The invention discloses a system and a method for analyzing network public sentiment based on DFA algorithm, comprising a data capturing layer, a data analyzing layer and a data analyzing layer, wherein the data capturing layer is used for capturing content of source data to be monitored according to a preset rule and sending the captured content to an original data storage layer; the original data storage layer is used for storing the received data and comprises a relational database and a distributed file system; the data analysis layer is used for carrying out data analysis on the data stored in the original data storage layer according to a preset DFA algorithm and sending an analysis result to the analysis result layer; the analysis result layer is used for storing the received analysis results; and a control layer and a front end display layer. The invention has clear and simple structure, can realize targeted monitoring according to the requirements of users, supports dynamic configuration by keywords and has high identification efficiency.

Description

Network public opinion analysis system and method based on DFA algorithm
Technical Field
The invention relates to a system and a method for network public opinion analysis based on a DFA algorithm, belonging to the technical field of data analysis.
Background
With the rapid popularization and application of computer information technology, more and more channels for information transmission are provided, the current popular network provides a free public opinion platform for vast netizens, the network public opinion can be quickly formed according to the thought and viewpoint of the netizens aiming at important current affairs at home and abroad, the generated huge influence causes the attention of related department mechanisms, and the problems existing in the network public opinion monitoring system are gradually shown.
The public opinion monitoring means that a network monitoring system classifies and sorts various information on the internet, screens out hot topics and sensitive topic trend data, and visually displays the analyzed result in the modes of charts and the like so as to determine the change condition of the public opinion in a website.
The existing public opinion analysis systems are many, but most of them monitor and analyze the whole network, and in order to realize comprehensive monitoring, the architecture is relatively complex and not simple enough.

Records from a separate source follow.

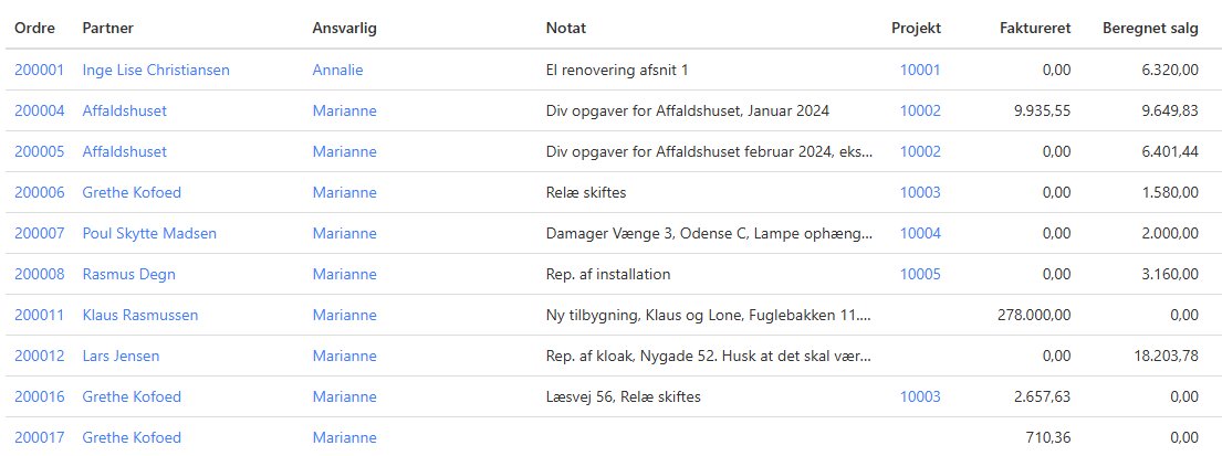 Herunder kan du se et eksempel på, hvordan dette ændrer visningen i rapporten Ordreoversigt. Hvis du har svært ved at se de to eksempler, kan du prøve at trykke Ctrl + plus et par gange for at zoome ind i browseren, så alt vises større.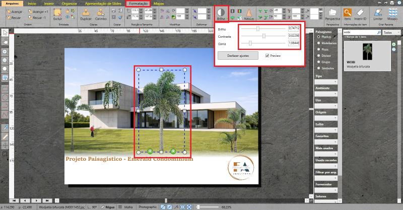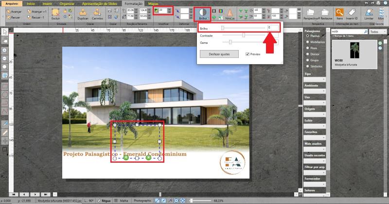 Ajuste la perspectiva según la posición de la sombra en la imagen original. Después de definir la perspectiva, reduzca el brillo y ajuste la opacidad del elemento hasta que se parezca visualmente a una sombra real.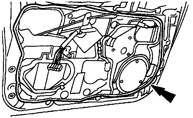 5. Remove the two bolts from the bottom of the door window glass and remove the door window glass.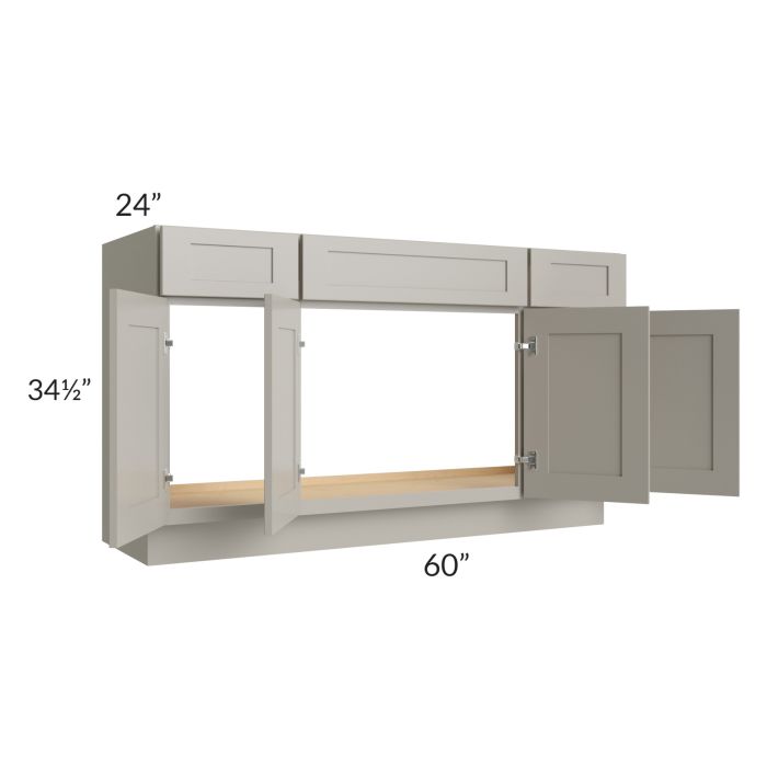 Description / Stratton Light Grey Shaker 60" Sink Base Cabinet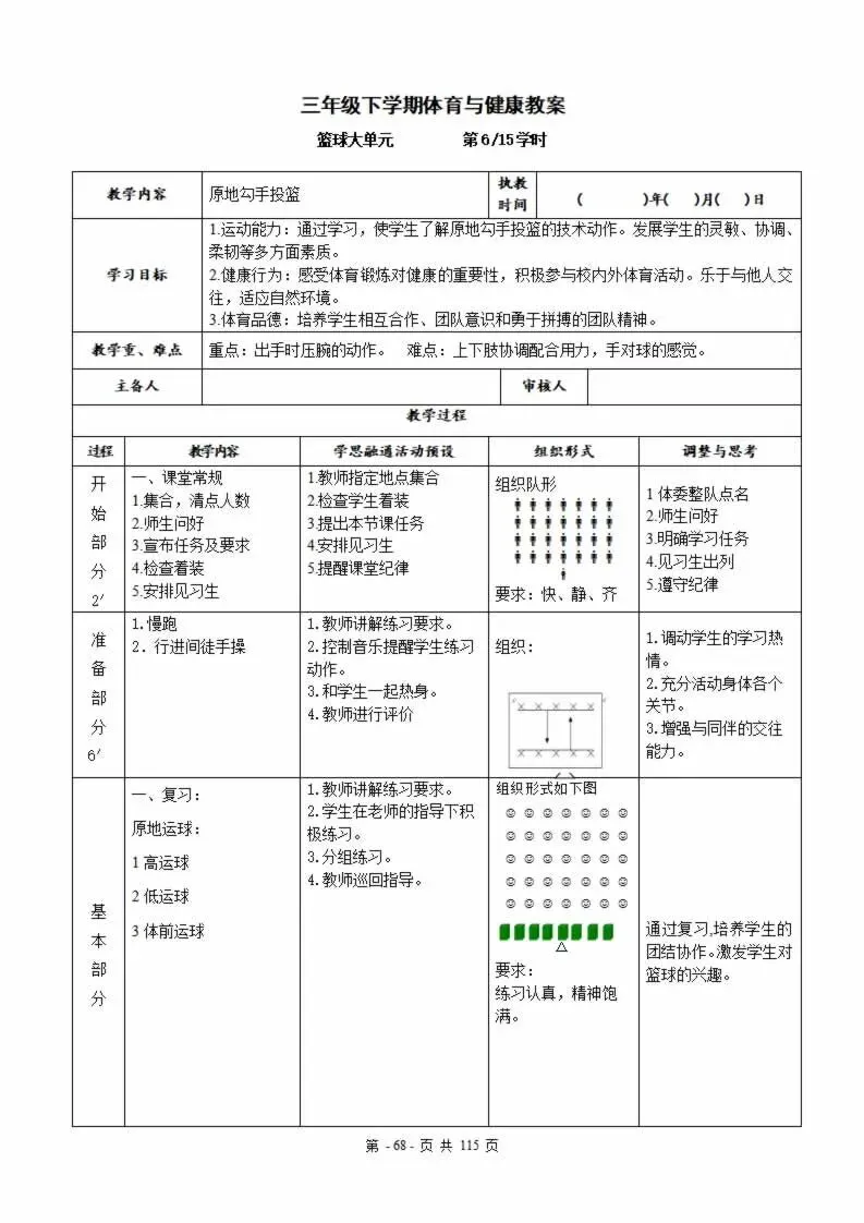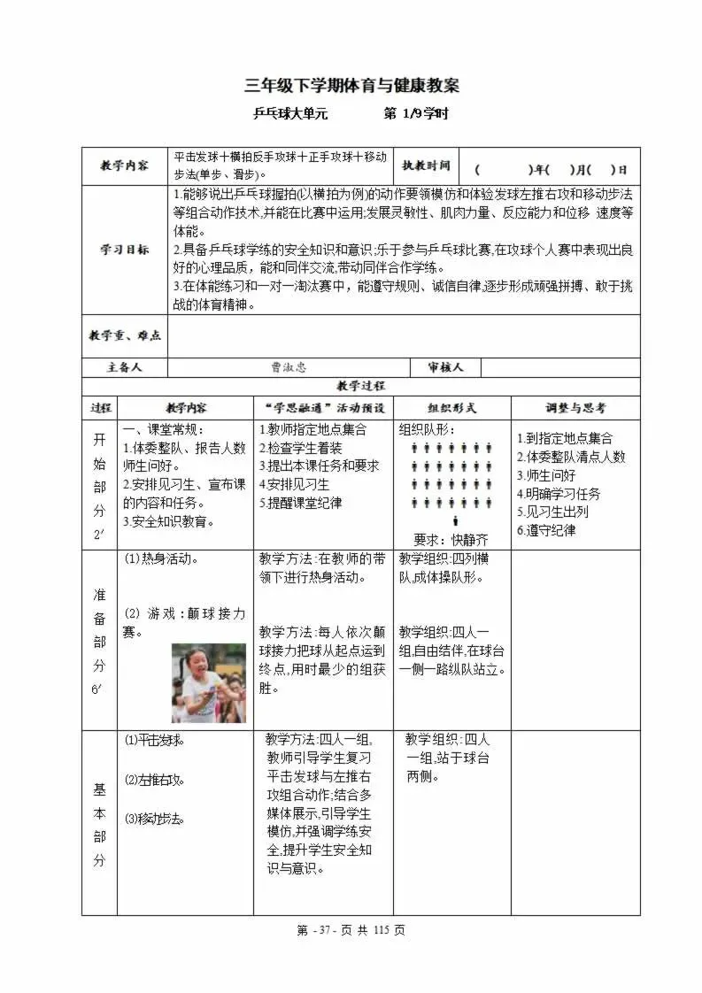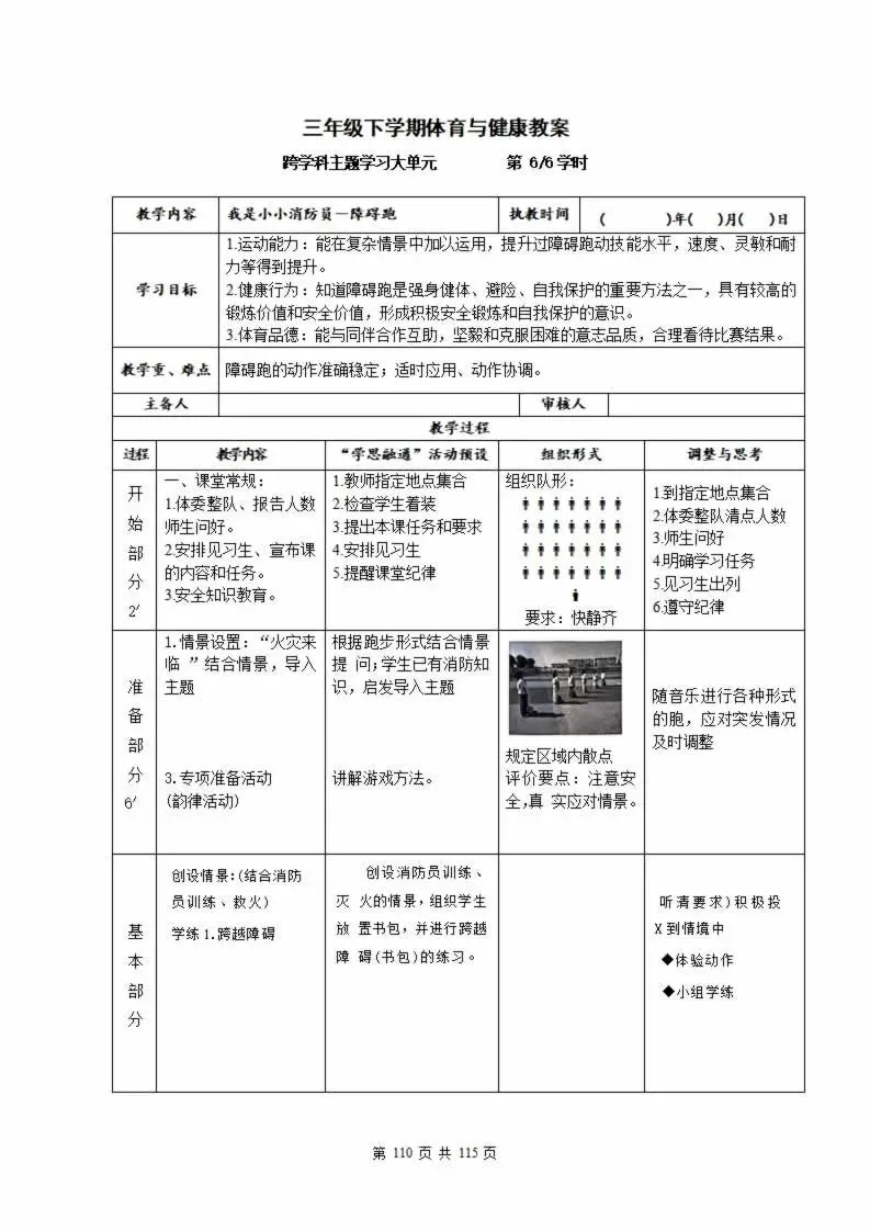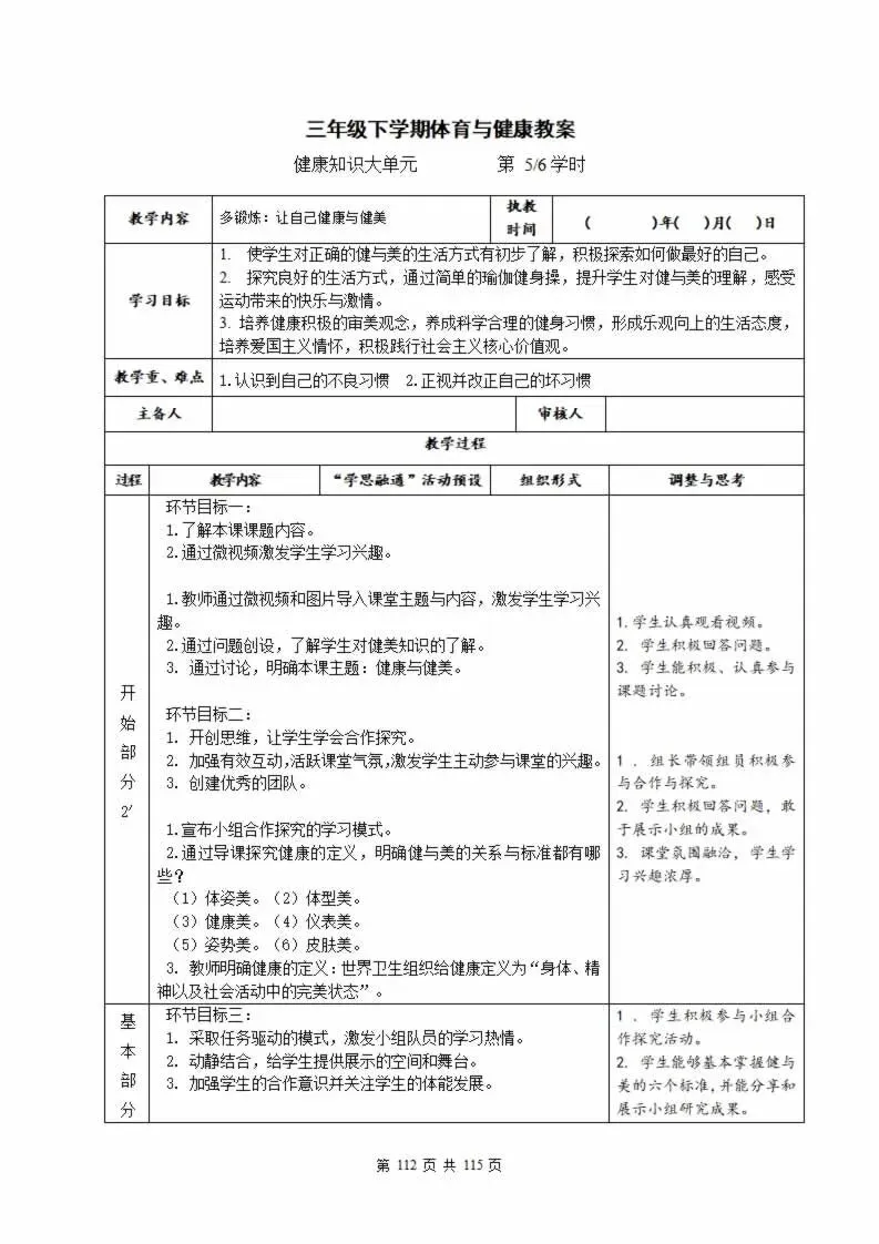 112页新版体育与健康水平三六年级下册教案教学设计word版全册全学期

For some targeted monitoring, such as only monitoring some local forums and some local websites, dynamic monitoring of local or local residents is achieved, and the existing public opinion analysis system is not suitable for the scene due to the fact that the structure is complex and not concise, and recognition efficiency is low. Therefore, there is an urgent need for a public opinion analysis system with a clear and concise structure and high recognition rate, which can be monitored in a targeted manner.
Disclosure of Invention
Aiming at the problems in the prior art, the invention provides a system and a method for network public opinion analysis based on a DFA algorithm, which have clear and concise architecture, can realize targeted monitoring according to the requirements of users, and have high identification efficiency and keyword support dynamic configuration.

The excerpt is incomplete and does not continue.